---------- DATA LISTING

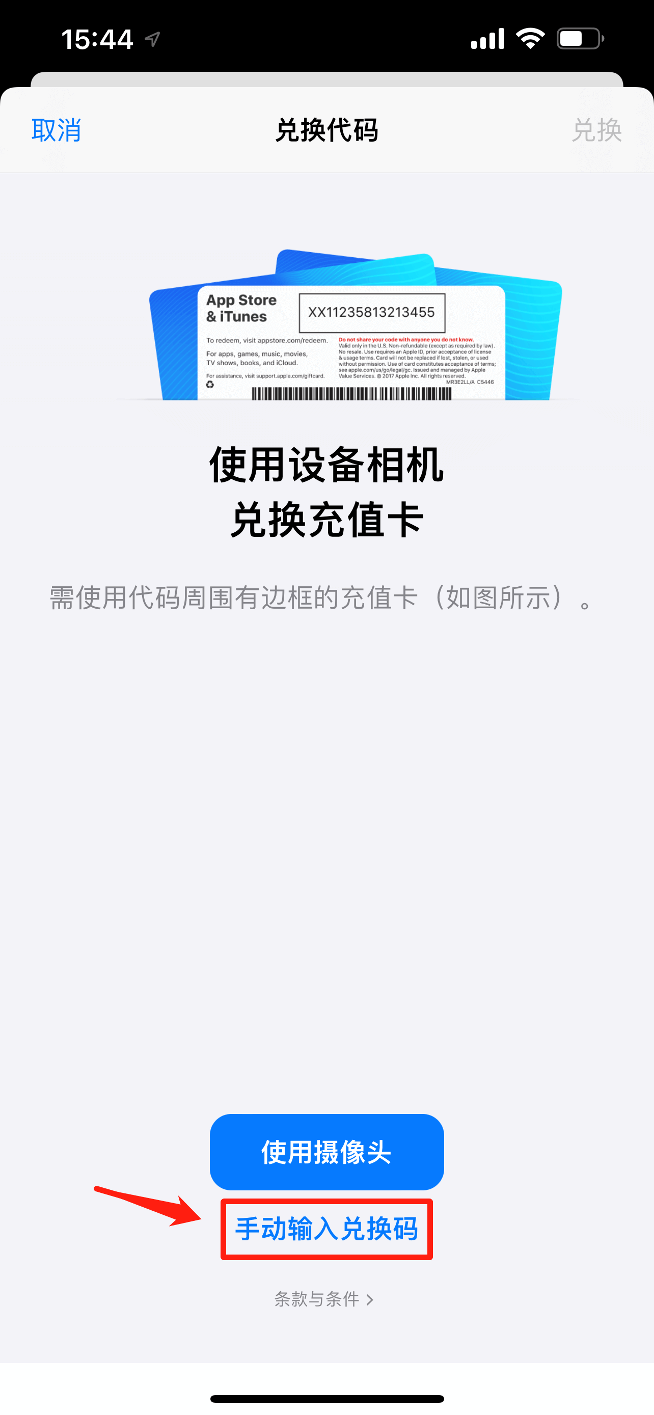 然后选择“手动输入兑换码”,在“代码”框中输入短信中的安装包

--------------------
---------- DATA LISTING

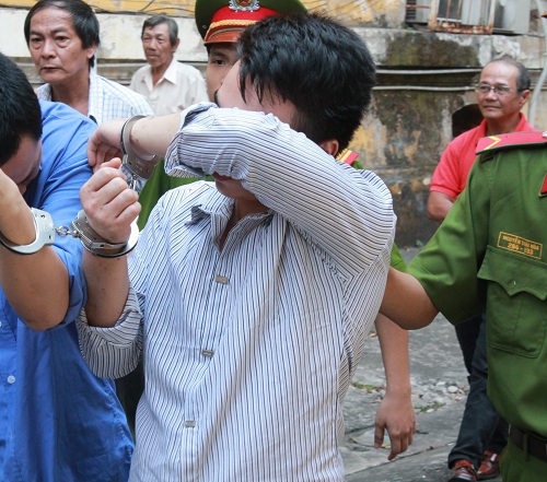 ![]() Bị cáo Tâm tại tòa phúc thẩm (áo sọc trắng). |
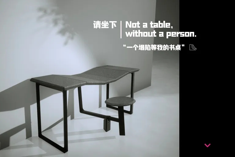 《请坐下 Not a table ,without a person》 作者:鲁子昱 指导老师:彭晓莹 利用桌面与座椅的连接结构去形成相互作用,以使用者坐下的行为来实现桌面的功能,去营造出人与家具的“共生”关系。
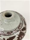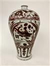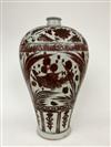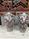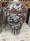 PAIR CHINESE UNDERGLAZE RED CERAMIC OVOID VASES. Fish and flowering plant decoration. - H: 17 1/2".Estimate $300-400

--------------------

## WHAT TO WORK ON
Using the material above, reproduce only the lines that run from the line with "Not a table" up to and including the line with "PAIR CHINESE UNDERGLAZE", exactly, with the pictures dropped.

## TASK RESPONSE
 《请坐下 Not a table ,without a person》 作者:鲁子昱 指导老师:彭晓莹 利用桌面与座椅的连接结构去形成相互作用,以使用者坐下的行为来实现桌面的功能,去营造出人与家具的“共生”关系。
 PAIR CHINESE UNDERGLAZE RED CERAMIC OVOID VASES. Fish and flowering plant decoration. - H: 17 1/2".Estimate $300-400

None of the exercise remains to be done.